The platform handles more than a million concurrent users and billions of trips per year across over ten thousand cities

The platform handles billions of database transactions a day

Hundreds of Uber microservices rely on the platform as the source of truth for the accurate state of the trips and driver/delivery person sessions
Events generated by the platform are used to build hundreds of offline datasets to make critical business decisions
500+ developers extend the platform using APIs, events, and code to build 120+ unique fulfillment flows

The last major rewrite of the Fulfillment Platform was in 2014 when Uber’s scale was much smaller and the fulfillment scenarios were simpler. Since then, Uber’s business has evolved to include many new verticals across Mobility and Delivery, handling a diverse set of fulfillment experiences. Some examples include reservation flows where a driver is confirmed upfront, batching flows with multiple trips offered simultaneously, virtual queue mechanisms at Airports, the three-sided marketplace for Uber Eats, delivering packages through Uber Direct, and more.

Two years ago, we made a bold bet and embarked on a journey to rewrite the Fulfillment Platform from the ground up, as the architecture built in 2014 would not scale for the next decade of Uber’s growth.

This is the first in a series of articles that describes the journey of re-architecting one of the foundational business platforms at Uber. We rebuilt the storage and application architectures, domain data modeling, APIs, and events, and successfully migrated every Uber product and city to the new stack, with support from 100+ engineers across 30+ teams.

Previous Fulfillment Architecture

This section describes the data models and architecture we used to implement a simple UberX flow in our previous fulfillment stack.

Figure 2: High-level architecture for a simple UberX flow

Domain Modeling

The entire fulfillment model revolved around 2 entities: Trip and Supply. The rt-demand service managed the Trip entity, and the rt-supply service managed the Supply entity. A Trip represented a unit of work (e.g. delivering a package from point A to B) while the Supply entity represented a real-world person capable of doing the unit of work.

Trip Entity

The Trip entity was composed of at least 2 waypoints. A waypoint represents a location and the set of tasks that can be performed at the location.
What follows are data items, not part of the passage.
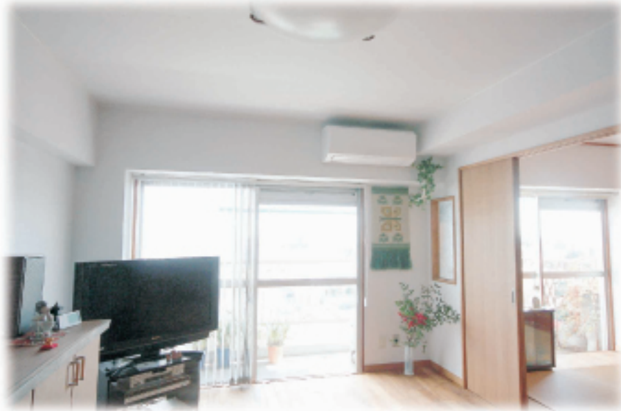
⑤間仕切りの開口を広げ2部屋をワンルーム に出来るようにしました 明るく眺めも良くなり変えました
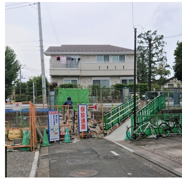
【東野団地への通路：6月12日から仮設通路の通行をお願いしています】
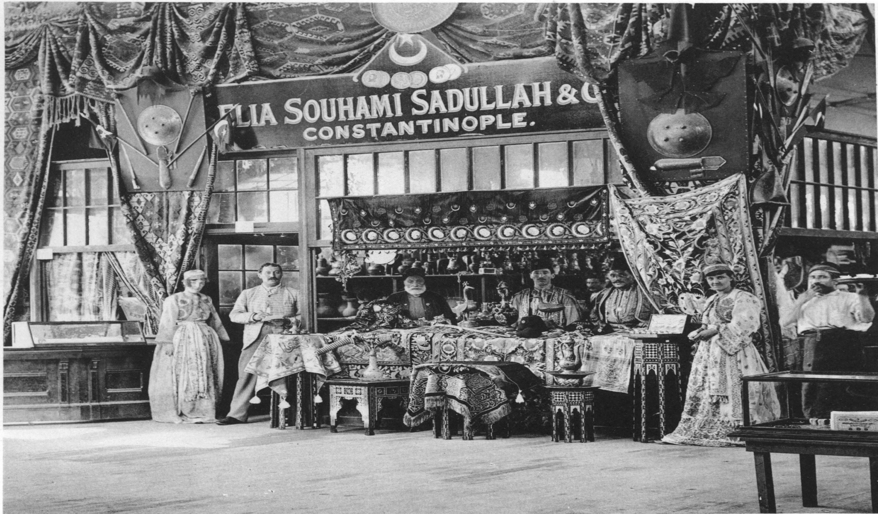
IN THE TURKISH BAZAAR.
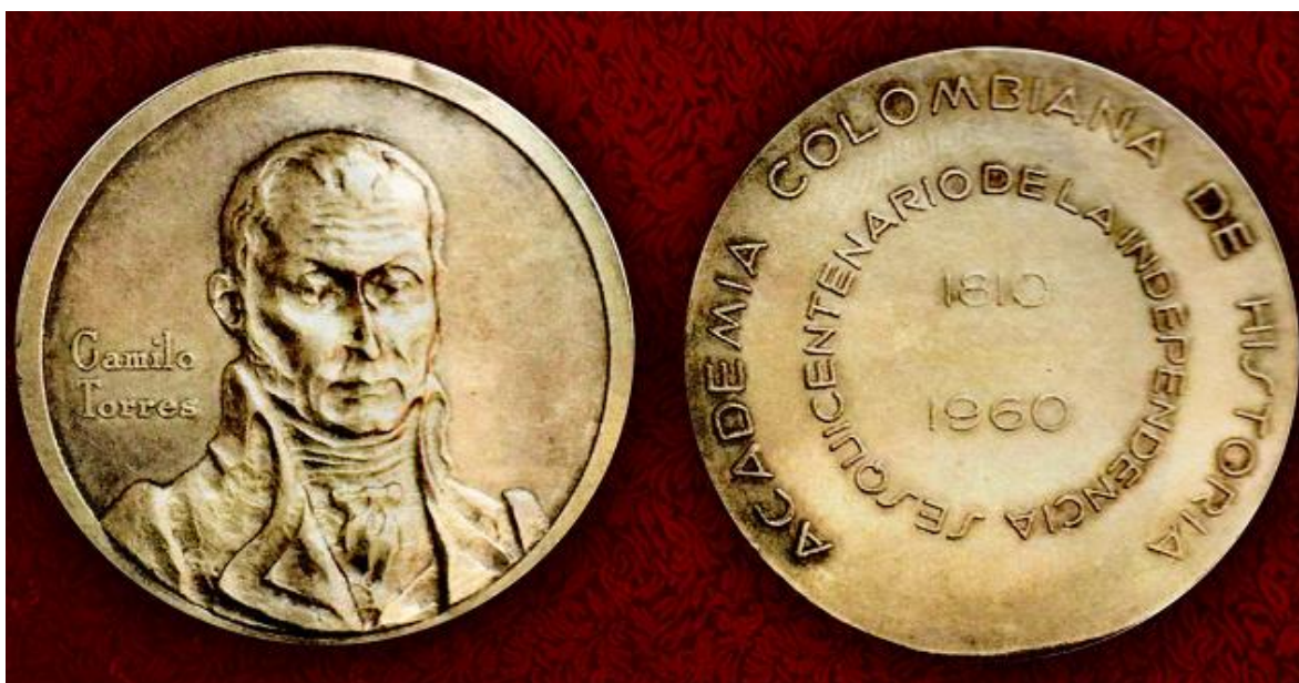
Medalla de la Academia Colombiana de Historia, Camilo Torres, 1960

A simple UberX trip typically has a pickup and dropoff waypoint, and a multi-destination trip has a pickup and dropoff waypoint with additional ‘via’ waypoints in between.

Supply Entity

The Supply entity modeled the state of an ongoing session for a driver/delivery person. A Supply entity could have one or more waypoints across one or more trips, to be completed in chronological order.

Read/Write Patterns

At a high level, services performed read-modify-writes based on the incoming requests, and there were three kinds of read/write patterns:

Concurrent read-modify-writes to the same entity: For example, a driver trying to go offline and a matching system trying to link a new trip offer to the driver
Writes involving multiple entities: If a driver accepts a trip offer, we have to modify the trip entity and the supply entity, and add waypoints of the trip in the supply entity’s plan
Writes involving multiple instances of multiple entities: If a driver accepts a batch offer with multiple trips, all the related entities need to be updated in an all-or-nothing fashion

Application Architecture

The rt-demand and rt-supply services were shared-nothing microservices with the entities stored in Apache Cassandra® and Redis key-value tables. In the following section, we describe key components that made up the application and storage architecture. The previous architecture prioritized availability over consistency.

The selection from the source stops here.